*TASK*: Write out each line of the material exactly as given, and drop the images.

*MATERIAL FOR THE TASK*:
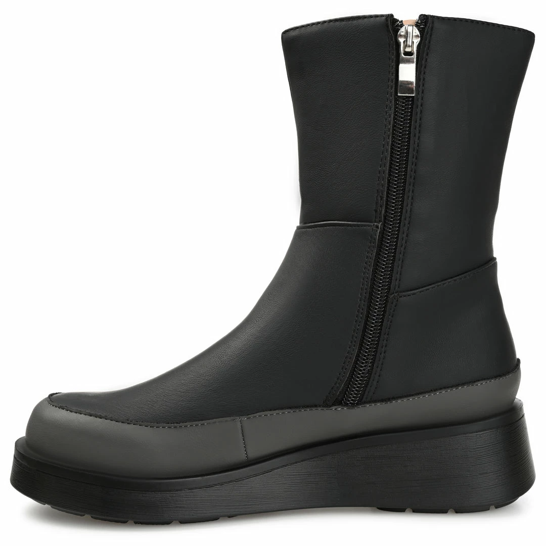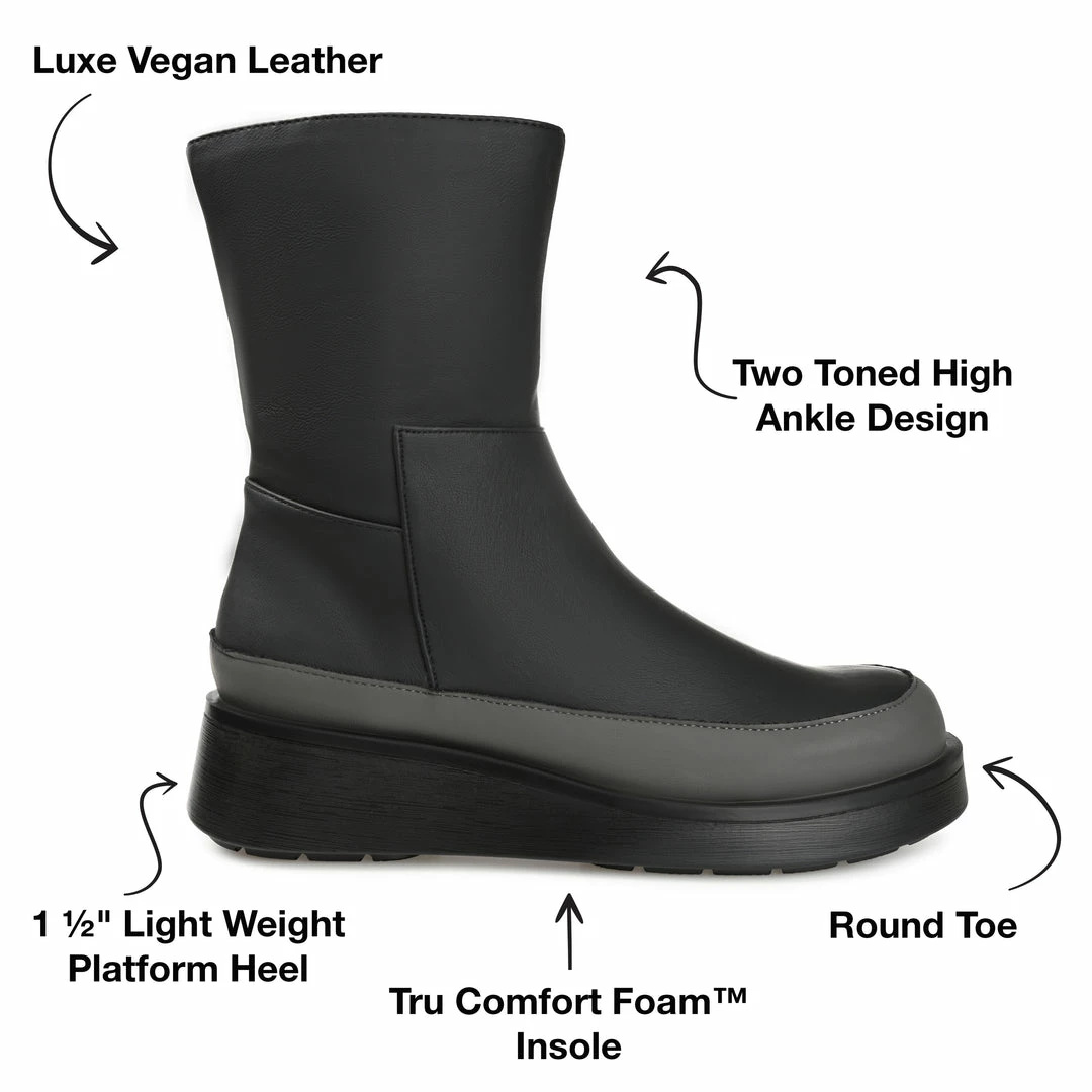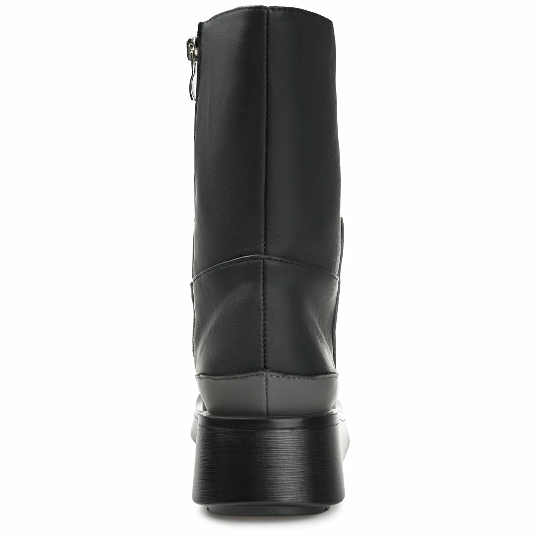 A modern look with sleek finishes, the Cristen booties by Journee Collection. This fall design is easy on the eyes and feet with its vegan leather uppers and a 4 mm Tru Comfort Foamβ’ insole. Two-tone details and a retro lug sole ground the design. Heel Height – 1 1/2-inch Heel Type – Platform Platform Height – 1-inch Shaft Height – 7 inches Top Circumference – 11 1/2 inches Shoe Width – Medium Closure Type – Inside Zip Toe Style – Round Lining – Fabric Upper Material – Vegan Leather Outersole Material – Man-made Footbed – 4 MM Tru Comfort Foamβ’
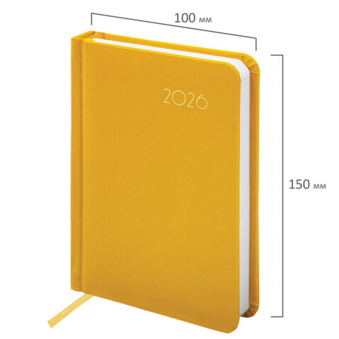Ежедневник датированный 2026, МАЛЫЙ ФОРМАТ 100х150 мм, А6, BRAUBERG "Select", балакрон, желтый, 117261
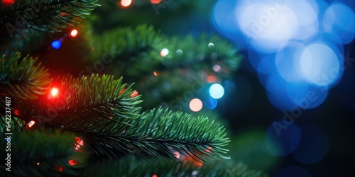 Christmas tree branch with bright glowing lights defocused blurred effect bokeh. Christmas fir and pine tree branches
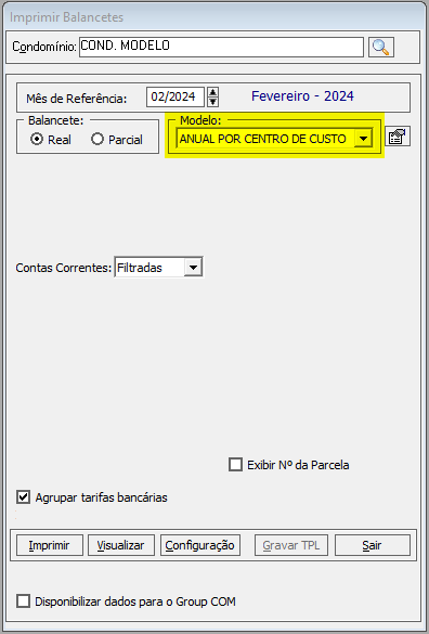- O agrupamento por centro de custo ficará disponível para o balancete real e parcial.
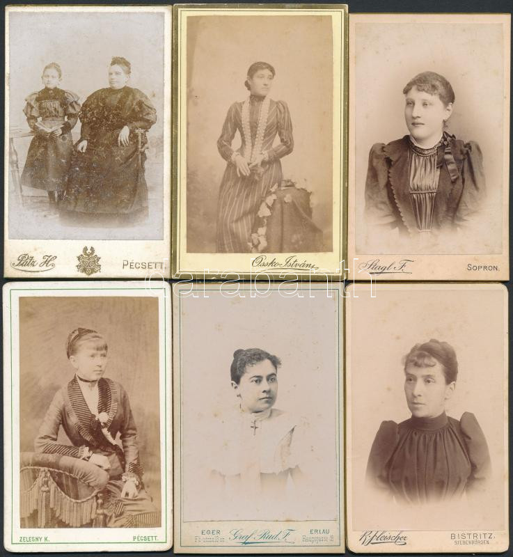 Beschreibung: cca 1880-1910 Hölgyportrék, 10 db portréfotó különböző műtermekből(Pécs, Komárom, Devecser, Beszterce, Eger, stb.), 10x6 cm

*WRITTEN RESPONSE*:
 A modern look with sleek finishes, the Cristen booties by Journee Collection. This fall design is easy on the eyes and feet with its vegan leather uppers and a 4 mm Tru Comfort Foamβ’ insole. Two-tone details and a retro lug sole ground the design. Heel Height – 1 1/2-inch Heel Type – Platform Platform Height – 1-inch Shaft Height – 7 inches Top Circumference – 11 1/2 inches Shoe Width – Medium Closure Type – Inside Zip Toe Style – Round Lining – Fabric Upper Material – Vegan Leather Outersole Material – Man-made Footbed – 4 MM Tru Comfort Foamβ’
Ежедневник датированный 2026, МАЛЫЙ ФОРМАТ 100х150 мм, А6, BRAUBERG "Select", балакрон, желтый, 117261
 Christmas tree branch with bright glowing lights defocused blurred effect bokeh. Christmas fir and pine tree branches
- O agrupamento por centro de custo ficará disponível para o balancete real e parcial.
 Beschreibung: cca 1880-1910 Hölgyportrék, 10 db portréfotó különböző műtermekből(Pécs, Komárom, Devecser, Beszterce, Eger, stb.), 10x6 cm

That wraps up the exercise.